Georgia Law considers coyotes as a non-game species and you can kill'em however you see fit...

Most of the time people that run coyotes use coursing hounds.....such as grey hounds, Irish wolf hounds...the guys that are really into it hunt out west..coursing hounds find their game by sight-not scent....then they runém down...

Grew up around fox hounds-had some that would run a yote(unfortunatly)---picked up dogs over 6 miles away after they hit a hot track....never cought the coyote


----------



## ejs1980 (Feb 17, 2008)

there was a guy in west ga who was giving away some walkers that ran coyote and fox. I think hounds on yotes would mainly be in fox pens as said above most yotes will out run hounds and keep running until it feels safe.


----------



## notnksnemor (Feb 17, 2008)

They use greyhounds in the midwest.

http://www.gobacktothebasics.com/old_time_stories_and_facts_of_the_coyote.htm


----------



## Buck Trax (Feb 17, 2008)

Yeah, I've heard that out west, they do it in wide open areas where they can follow in vehicles and that some folks even have a spotter plane to help out the guys on the ground. Those 'yotes can run a ways.


----------



## WalkerRunner (Feb 17, 2008)

Yep Ive seen them run with Greyhounds and Pits to finish the job.  Always in daytime and with vehicle to follow.  Yotes RUN.


----------



## carabrook (Feb 17, 2008)

*Coyote dogs*

Where I used to live we ran coyotes every weekend we could and always during the Xmas holidays. You are correct they cover a lot of land, generally in a circle but it might be five miles in one direction.

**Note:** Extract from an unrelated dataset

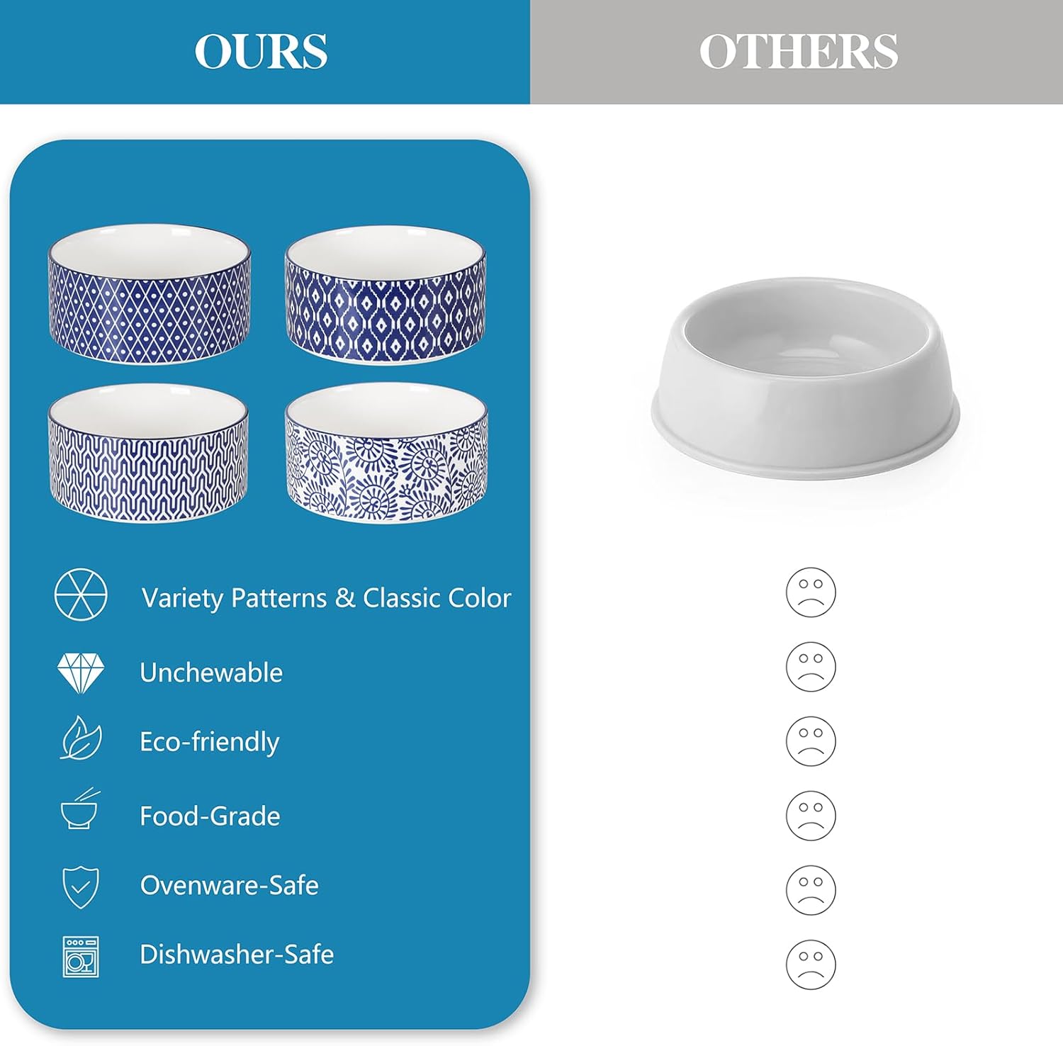 • HEALTHY STURDY CERAMIC MATERIAL – Our dog food dishes are made of premium ceramic material, which has no harmful lead & cadmium, odorless, sturdy, and healthy for your furry friends. And the ceramic pet bowl helps your dog away from chin disease. Its smooth glaze finish makes it wash by hand or dishwasher easily. You can also heat the food in the microwave for your pets at any time.

I ran English Foxhounds that are pictured below, and yes they did show and hunt. Many other guys ran them with american foxhounds, B&T's, walkers, blueticks, just about every one of the larger hound breeds and usually two to four dogs at a time and some days on real hard runs we would grab dogs at a sideroad and switch off to other dogs on the hot track. I still own two of them but just not enough real estate to run them here without going to a pen. And to me that just isnt the same.


----------



## redneckcamo (Feb 17, 2008)

anyone wanna try we got 5 square miles of land if ya thank its enuff if not then o well its the best i can do ..........


----------



## woody10 (Feb 17, 2008)

a good buddy of mine has a deer dog that is a running walker he will run  yote every time he crosses one abd has caught several by himself


----------



## woody10 (Feb 20, 2008)

we aslo run bobcats with hounds down here


----------



## K9TRAPPER (Feb 21, 2008)

white74horse said:


> Is it legal in Ga?




WE DONT NEED NO STINK'IN HOUNDS!


----------